- [Exercise directions] When you restate the records, do so word for word and omit any picture they contain.

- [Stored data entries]
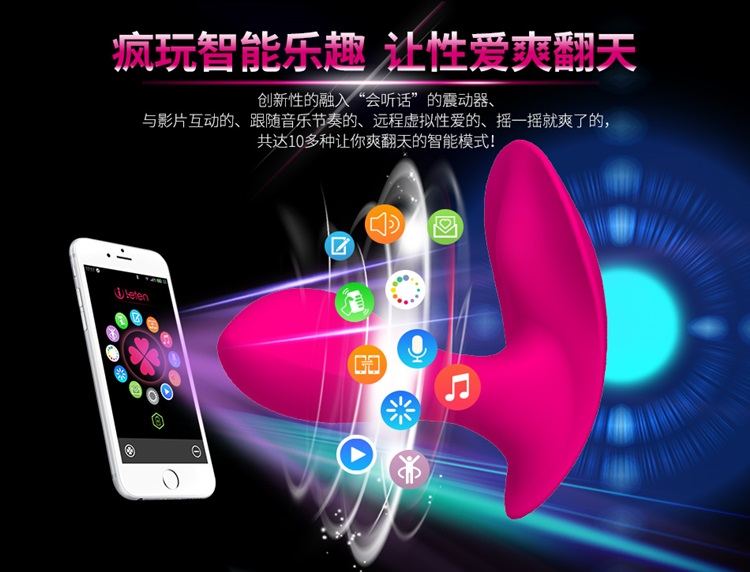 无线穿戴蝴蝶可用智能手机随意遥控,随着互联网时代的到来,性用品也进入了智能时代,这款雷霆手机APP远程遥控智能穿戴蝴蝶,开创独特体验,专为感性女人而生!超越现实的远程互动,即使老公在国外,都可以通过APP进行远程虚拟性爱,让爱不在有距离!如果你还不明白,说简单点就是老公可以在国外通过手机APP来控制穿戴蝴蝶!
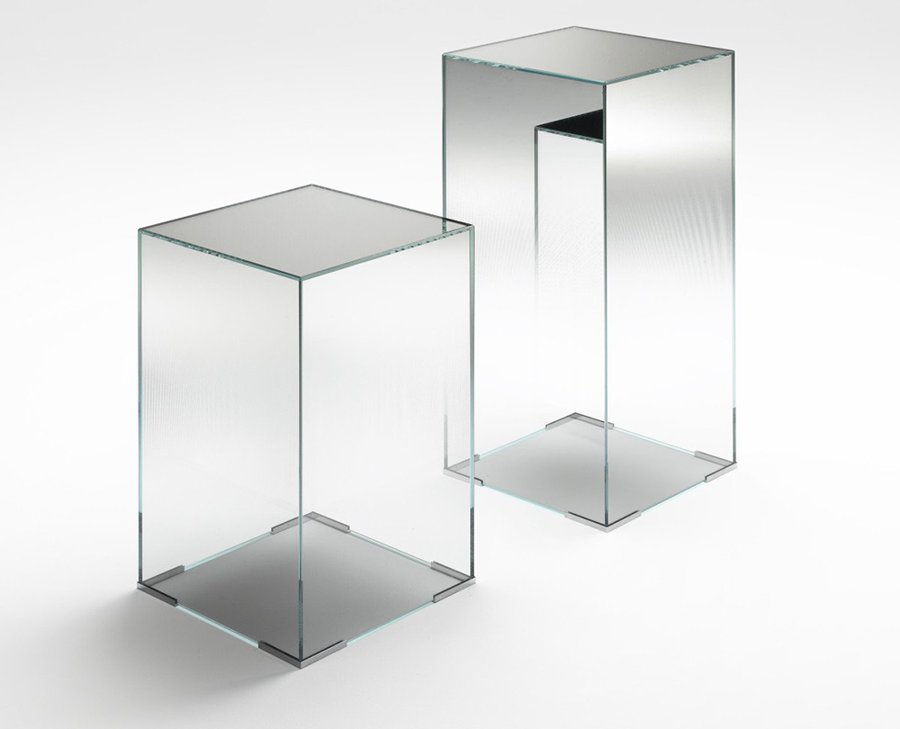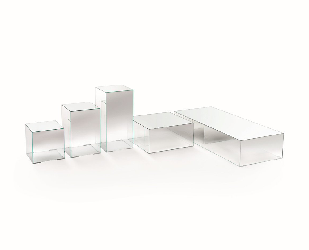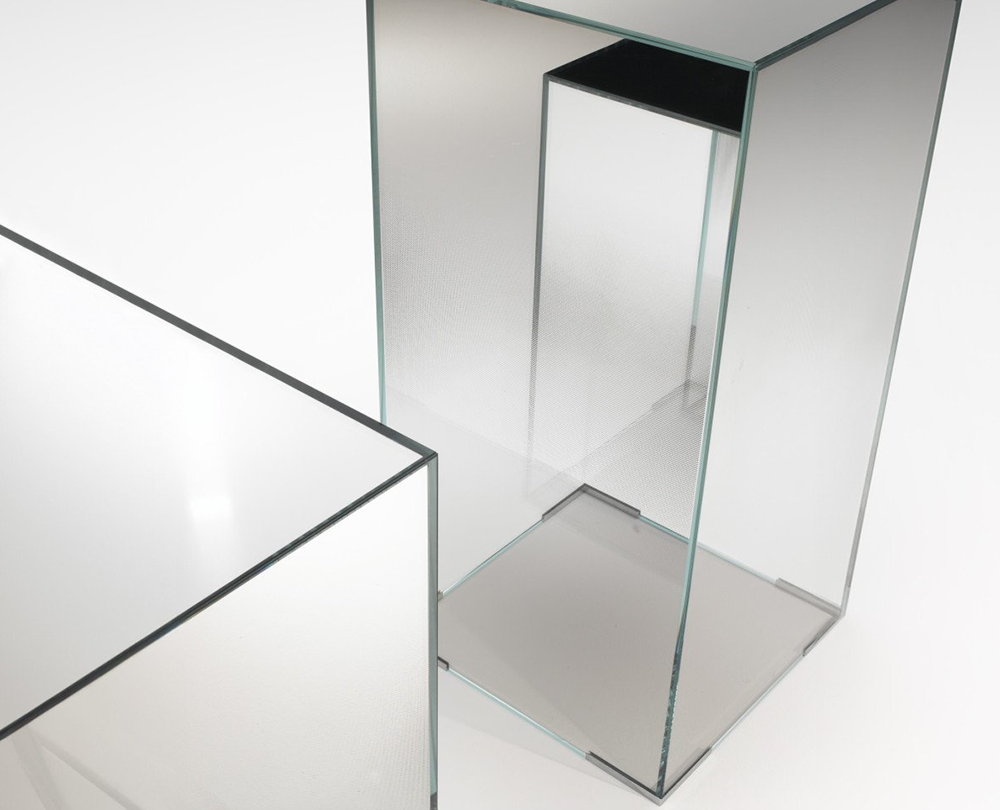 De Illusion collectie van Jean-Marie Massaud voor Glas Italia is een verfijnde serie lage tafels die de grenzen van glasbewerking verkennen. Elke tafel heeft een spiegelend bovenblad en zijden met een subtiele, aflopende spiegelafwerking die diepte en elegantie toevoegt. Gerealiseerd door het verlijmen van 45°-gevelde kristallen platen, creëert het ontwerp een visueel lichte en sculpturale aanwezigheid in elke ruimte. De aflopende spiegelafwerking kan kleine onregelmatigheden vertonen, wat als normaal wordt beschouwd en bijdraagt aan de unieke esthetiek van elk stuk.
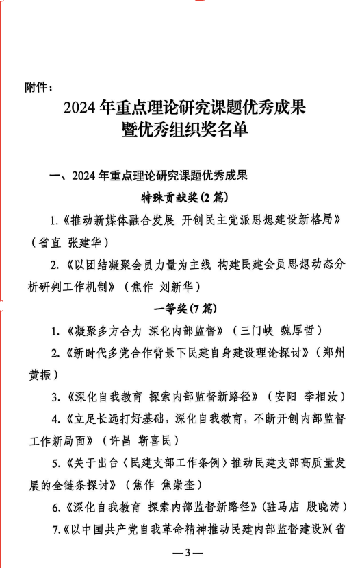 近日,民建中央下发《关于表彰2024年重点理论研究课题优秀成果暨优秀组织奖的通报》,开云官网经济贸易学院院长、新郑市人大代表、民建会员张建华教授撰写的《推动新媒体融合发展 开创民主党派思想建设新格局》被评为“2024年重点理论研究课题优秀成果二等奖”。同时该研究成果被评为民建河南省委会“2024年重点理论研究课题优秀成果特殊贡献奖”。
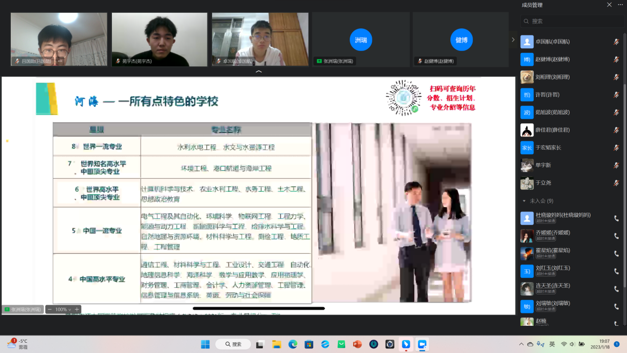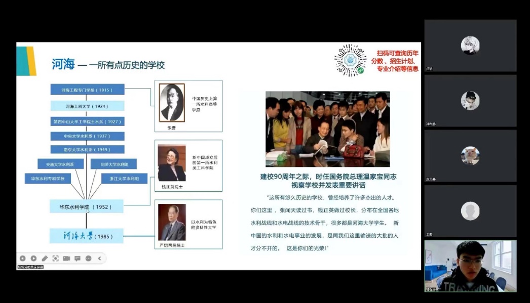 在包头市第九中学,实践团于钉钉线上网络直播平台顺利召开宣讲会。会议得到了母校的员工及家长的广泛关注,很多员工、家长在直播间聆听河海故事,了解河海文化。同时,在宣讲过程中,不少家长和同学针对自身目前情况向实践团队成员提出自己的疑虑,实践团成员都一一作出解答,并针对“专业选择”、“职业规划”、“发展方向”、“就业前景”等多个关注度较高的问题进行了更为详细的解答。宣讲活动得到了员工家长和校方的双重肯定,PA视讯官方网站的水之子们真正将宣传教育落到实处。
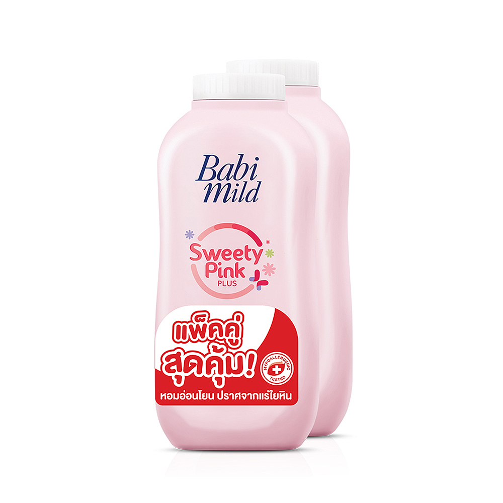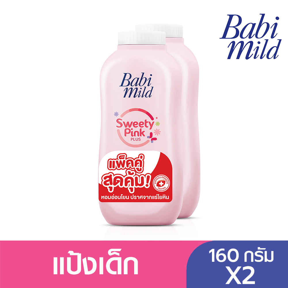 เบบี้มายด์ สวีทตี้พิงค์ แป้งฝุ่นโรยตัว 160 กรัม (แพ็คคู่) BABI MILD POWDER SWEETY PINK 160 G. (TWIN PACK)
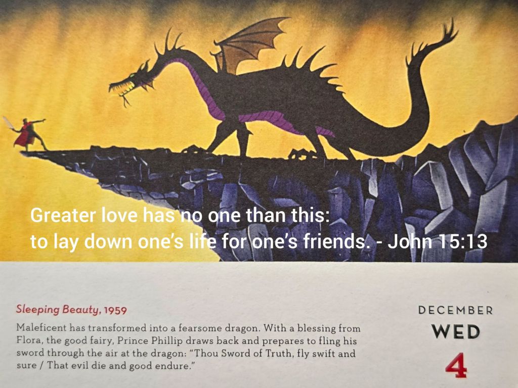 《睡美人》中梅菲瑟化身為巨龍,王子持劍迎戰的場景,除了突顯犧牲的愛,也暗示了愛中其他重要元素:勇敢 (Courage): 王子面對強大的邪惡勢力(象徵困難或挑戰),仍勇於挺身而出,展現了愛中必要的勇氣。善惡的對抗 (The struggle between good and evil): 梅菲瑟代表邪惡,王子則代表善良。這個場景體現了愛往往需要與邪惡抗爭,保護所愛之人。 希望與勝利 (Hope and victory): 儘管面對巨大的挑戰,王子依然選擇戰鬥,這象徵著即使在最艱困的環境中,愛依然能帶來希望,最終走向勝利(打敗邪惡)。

- [Written response]
 无线穿戴蝴蝶可用智能手机随意遥控,随着互联网时代的到来,性用品也进入了智能时代,这款雷霆手机APP远程遥控智能穿戴蝴蝶,开创独特体验,专为感性女人而生!超越现实的远程互动,即使老公在国外,都可以通过APP进行远程虚拟性爱,让爱不在有距离!如果你还不明白,说简单点就是老公可以在国外通过手机APP来控制穿戴蝴蝶!
 De Illusion collectie van Jean-Marie Massaud voor Glas Italia is een verfijnde serie lage tafels die de grenzen van glasbewerking verkennen. Elke tafel heeft een spiegelend bovenblad en zijden met een subtiele, aflopende spiegelafwerking die diepte en elegantie toevoegt. Gerealiseerd door het verlijmen van 45°-gevelde kristallen platen, creëert het ontwerp een visueel lichte en sculpturale aanwezigheid in elke ruimte. De aflopende spiegelafwerking kan kleine onregelmatigheden vertonen, wat als normaal wordt beschouwd en bijdraagt aan de unieke esthetiek van elk stuk.
 近日,民建中央下发《关于表彰2024年重点理论研究课题优秀成果暨优秀组织奖的通报》,开云官网经济贸易学院院长、新郑市人大代表、民建会员张建华教授撰写的《推动新媒体融合发展 开创民主党派思想建设新格局》被评为“2024年重点理论研究课题优秀成果二等奖”。同时该研究成果被评为民建河南省委会“2024年重点理论研究课题优秀成果特殊贡献奖”。
 在包头市第九中学,实践团于钉钉线上网络直播平台顺利召开宣讲会。会议得到了母校的员工及家长的广泛关注,很多员工、家长在直播间聆听河海故事,了解河海文化。同时,在宣讲过程中,不少家长和同学针对自身目前情况向实践团队成员提出自己的疑虑,实践团成员都一一作出解答,并针对“专业选择”、“职业规划”、“发展方向”、“就业前景”等多个关注度较高的问题进行了更为详细的解答。宣讲活动得到了员工家长和校方的双重肯定,PA视讯官方网站的水之子们真正将宣传教育落到实处。
 เบบี้มายด์ สวีทตี้พิงค์ แป้งฝุ่นโรยตัว 160 กรัม (แพ็คคู่) BABI MILD POWDER SWEETY PINK 160 G. (TWIN PACK)
 《睡美人》中梅菲瑟化身為巨龍,王子持劍迎戰的場景,除了突顯犧牲的愛,也暗示了愛中其他重要元素:勇敢 (Courage): 王子面對強大的邪惡勢力(象徵困難或挑戰),仍勇於挺身而出,展現了愛中必要的勇氣。善惡的對抗 (The struggle between good and evil): 梅菲瑟代表邪惡,王子則代表善良。這個場景體現了愛往往需要與邪惡抗爭,保護所愛之人。 希望與勝利 (Hope and victory): 儘管面對巨大的挑戰,王子依然選擇戰鬥,這象徵著即使在最艱困的環境中,愛依然能帶來希望,最終走向勝利(打敗邪惡)。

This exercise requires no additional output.